For the past weeks, angry netizens have been playing detective, discussing scenarios and speculating on motives. "Human flesh" searches revealed pictures of Sun and several other roommates and their families - who were called "accomplices".

Many online users have called the White House petition a desperate move for justice, even though it’s unclear whether Sun is a US citizen or indeed resides in the US.

Sun spoke out most recently in 2005, when she published a statement online claiming that she was also a victim and that she wanted the case solved more than anyone else.

In the statement, Sun denied poisoning Zhu. She also criticised Tsinghua’s labs for not managing dangerous chemicals properly, implying she was the scapegoat for a blunder made by the renowned university.  

For all these years, I have been waiting for truth to emerge like many others

She might have a point. Sun's brother slipped into a Tsinghua lab and successfully stole restricted chemicals without getting in trouble. He recorded the whole process and submitted the tape as evidence.

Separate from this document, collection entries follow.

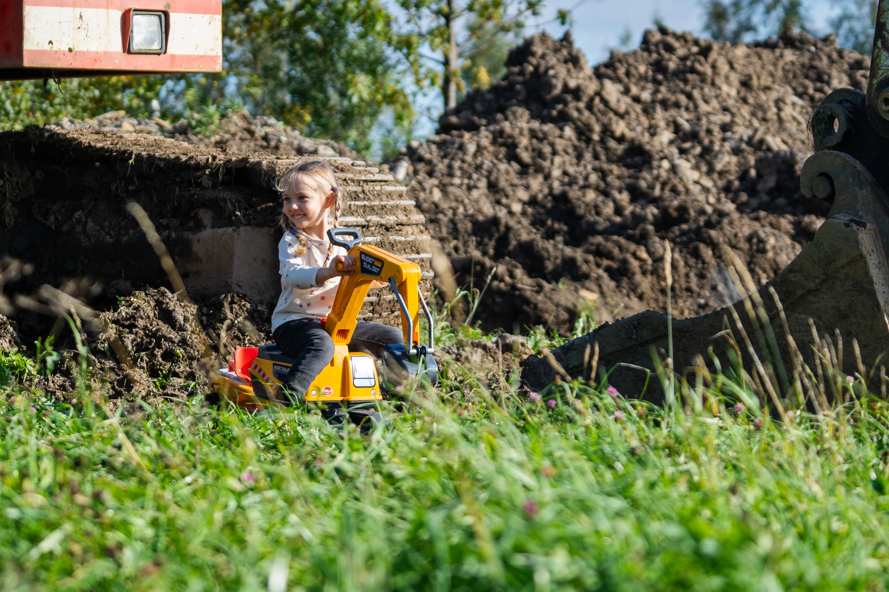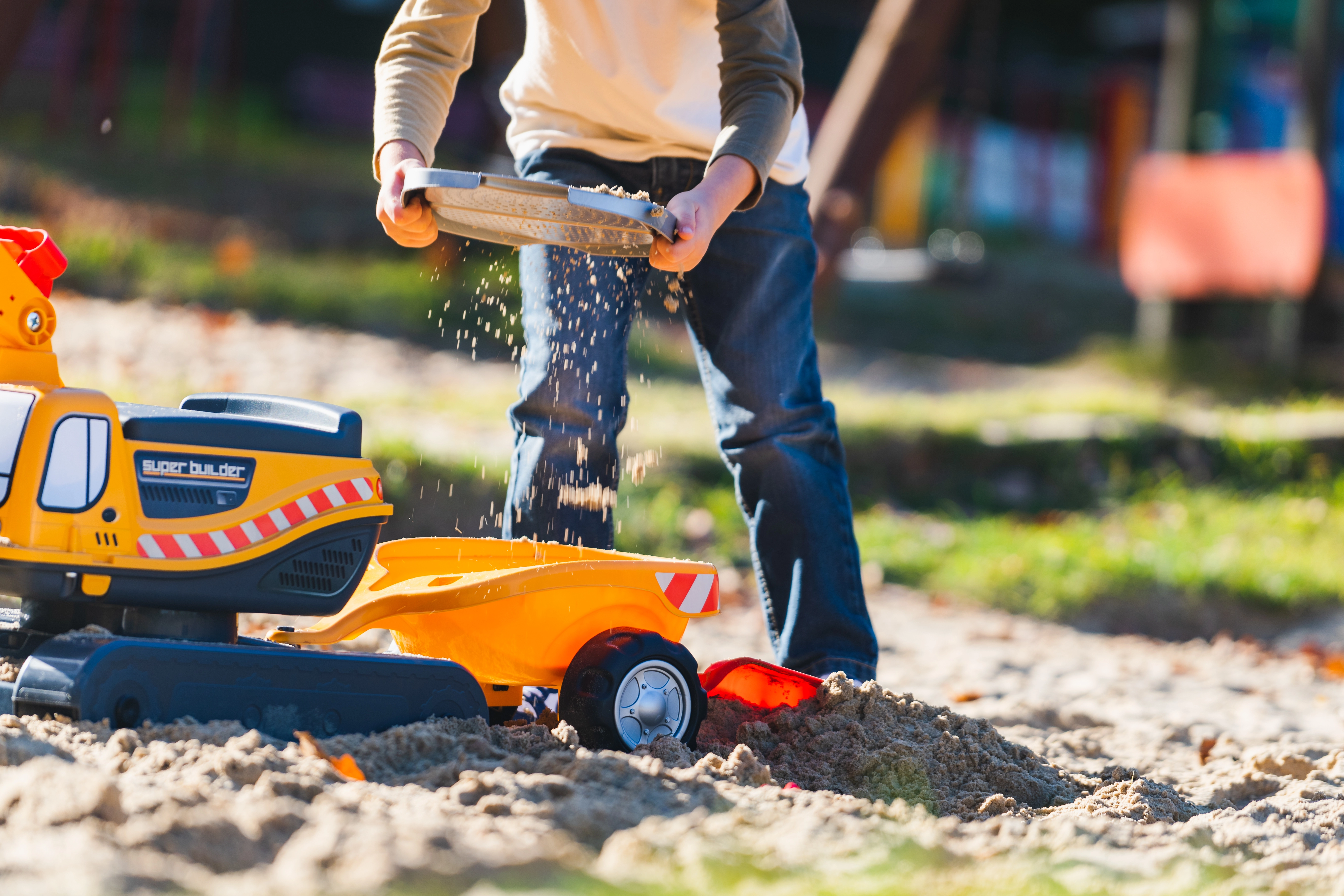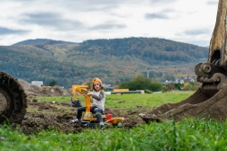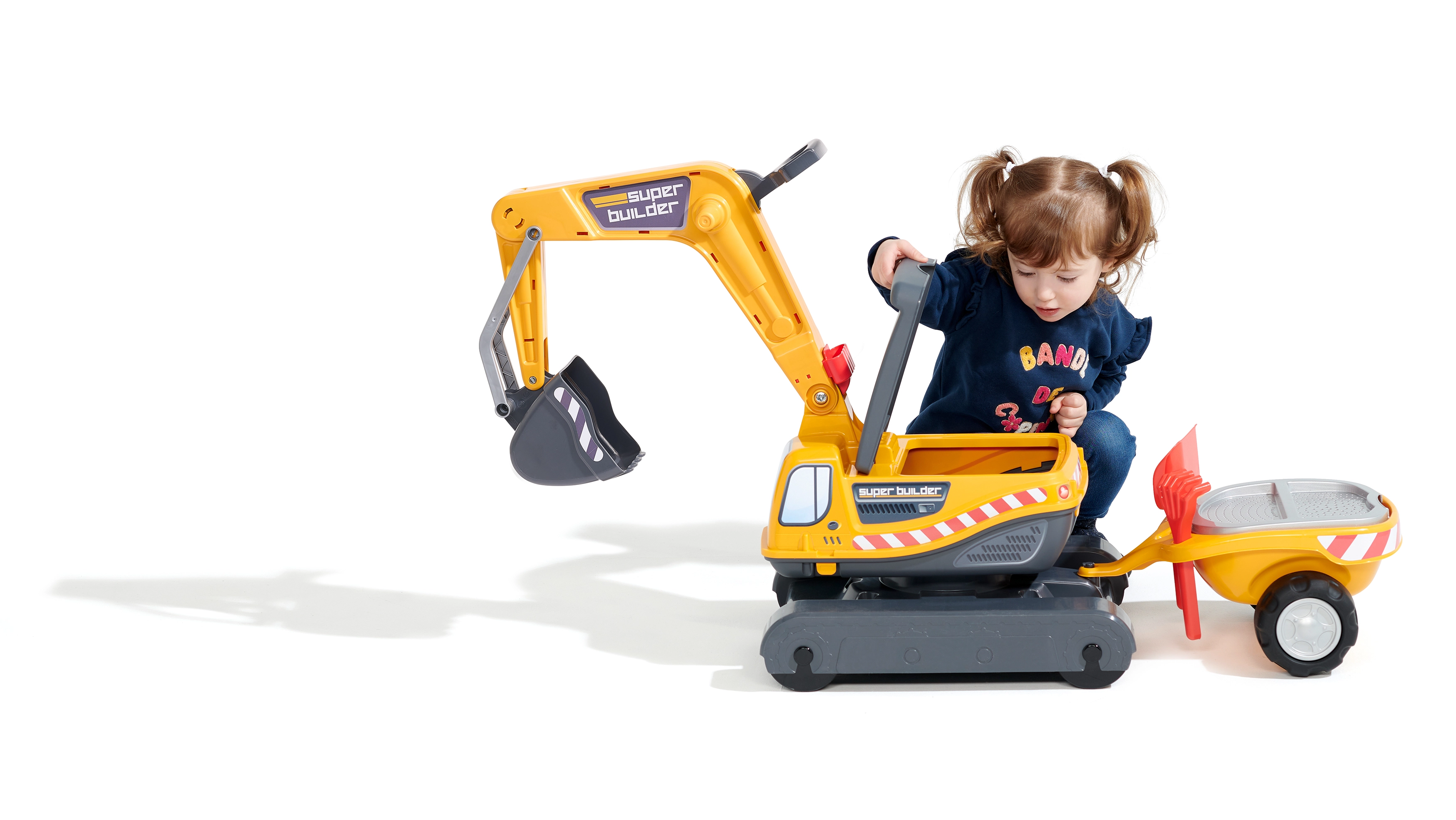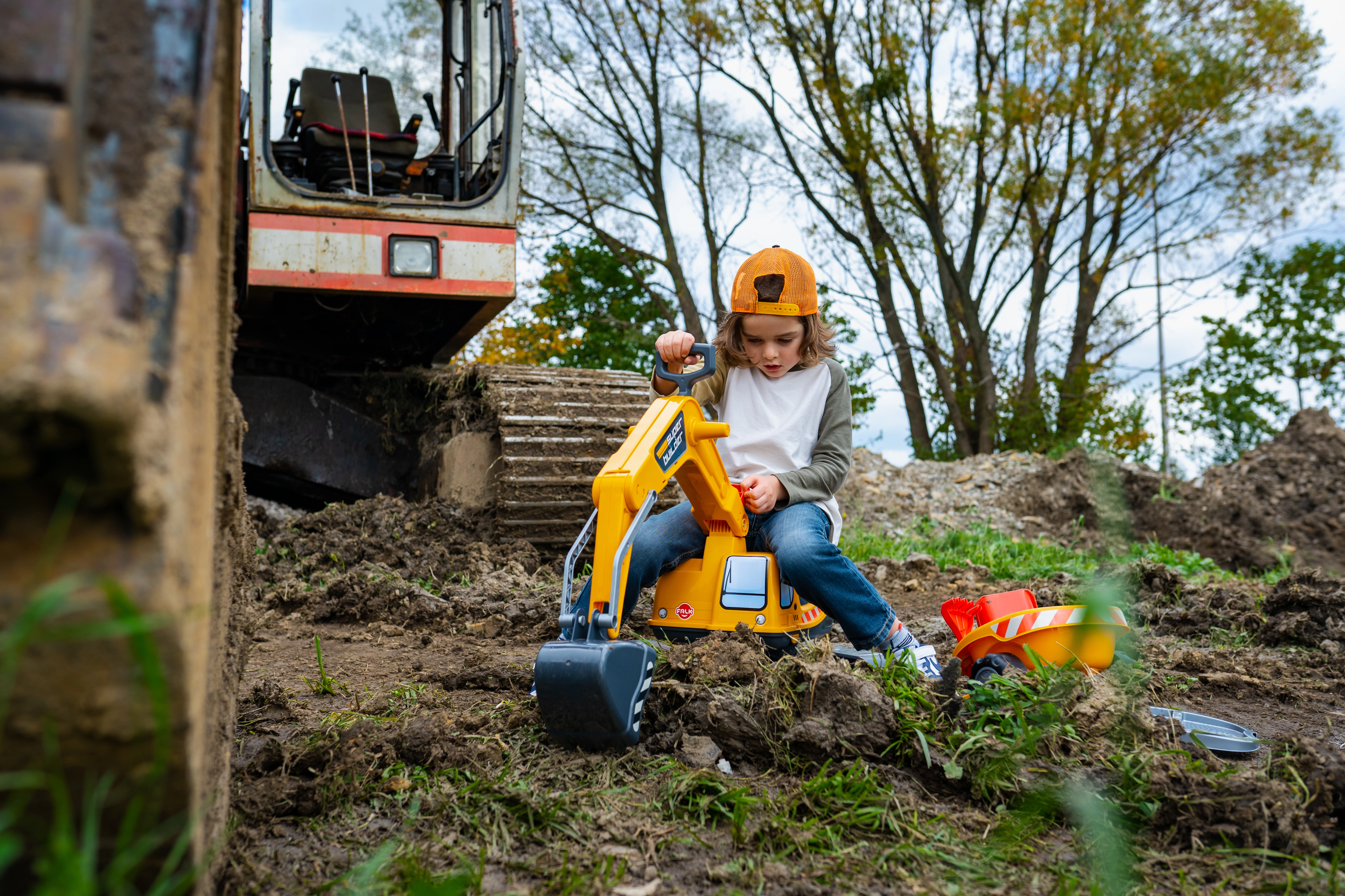 Guralo Super gusjeničarski bager narančaste boje s funkcionalnom žlicom, imitacijom gusjenica, prikolicom i setom za igru u pijesku – 2x kalup u obliku cigle, lopatica i grabljice. Izrađeno od visokokvalitetne i izdržljive plastike. Veličina 85×38×67 cm. Dob 3+. Svi Falk traktori testirani su na 50 kg – u skladu sa zahtjevima europskih normi. Proizvedeno u Francuskoj.
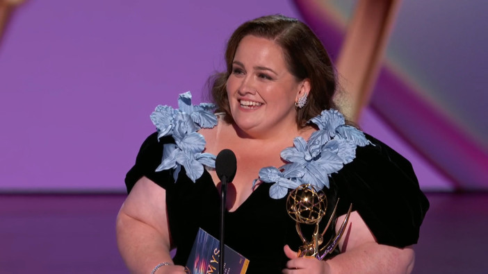 Jessica Gunning accepts the Emmy for Outstanding Supporting Actress In A Limited Or Anthology Series Or Movie for Baby Reindeer at the 76th Emmy Awards.
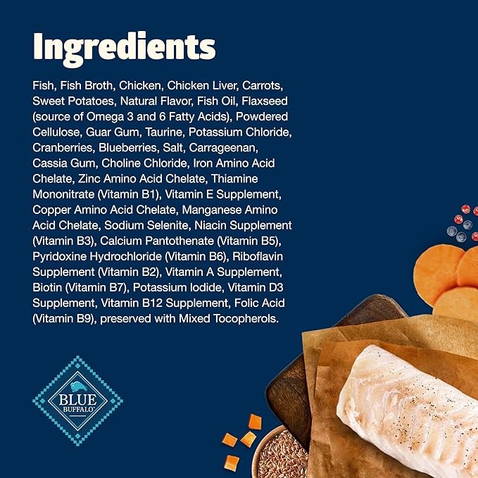 - MADE WITHOUT WHEAT: BLUE wet cat food contains NO chicken (or poultry) by-product meals, NO corn, wheat (a common thickening agent used by many other brands) or soy, and NO artificial flavors or preservatives
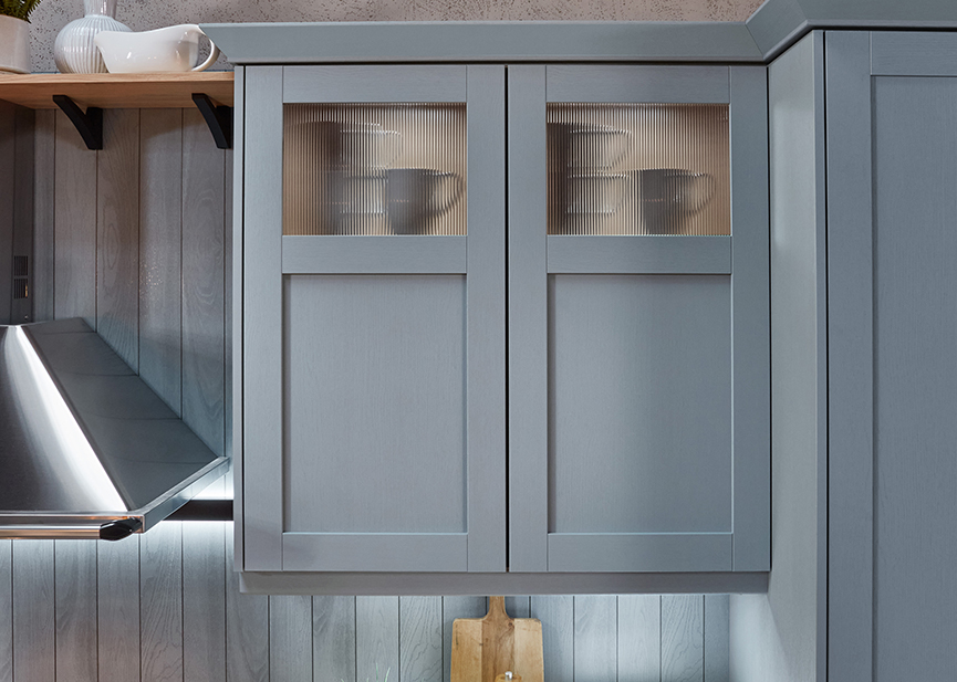 The FRAME handled door is available in lacquered laminate with anti-fingerprint coating, face side with polymer edge in front colour. Internal door face is in front colour. Matching surround, upright panels and plinth. Available as full glazed or partially glazed.
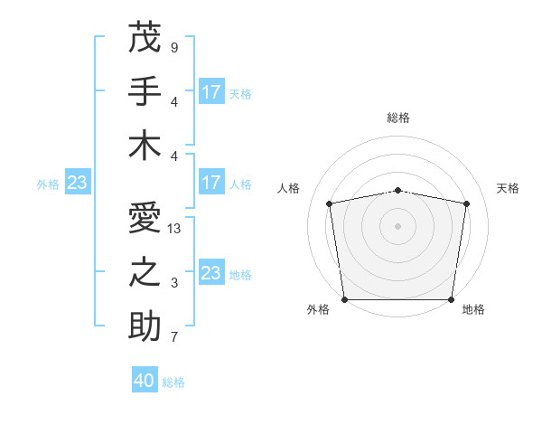 茂手木 愛之助さんの地格は23画の5点!

The case, which closed in 1998, has only been a nighmare for Sun, she said. She had even on many occasions volunteered to take a lie detector test, only to be turned down by the Beijing police.

“Suspicions and speculations are not facts,” Sun wrote, pleading the online community to be "responsible" for their comments and accusations.

On April 18, when the case was regaining interest from media and China's online community, a person believed to be Sun Wei posted again on Tianya.cn, a popular online forum.

“For all these years, I have been waiting for truth to emerge like many others,” reads the two-line post. “It’s up to other people to laugh at or attack me,” she added, quoting a Chinese poem.

On Monday, Zhu Mingxin, Zhu Ling's 72-year-old mother, appeared in a national radio interview.  

"I hate the person who poisoned my daughter," she said on the programme.

Zhu's mother also said she would continue to appeal for access to information on the investigation. The police had in 1998 denied the Zhu family access, citing "relevant laws and regulations". 

China’s nationalist newspaper Global Times ran an editorial on Tuesday amid increasing media attention on the case. While pleading the public to be “rational”, it also urged authorities to issue a response to dispel rumours and doubts.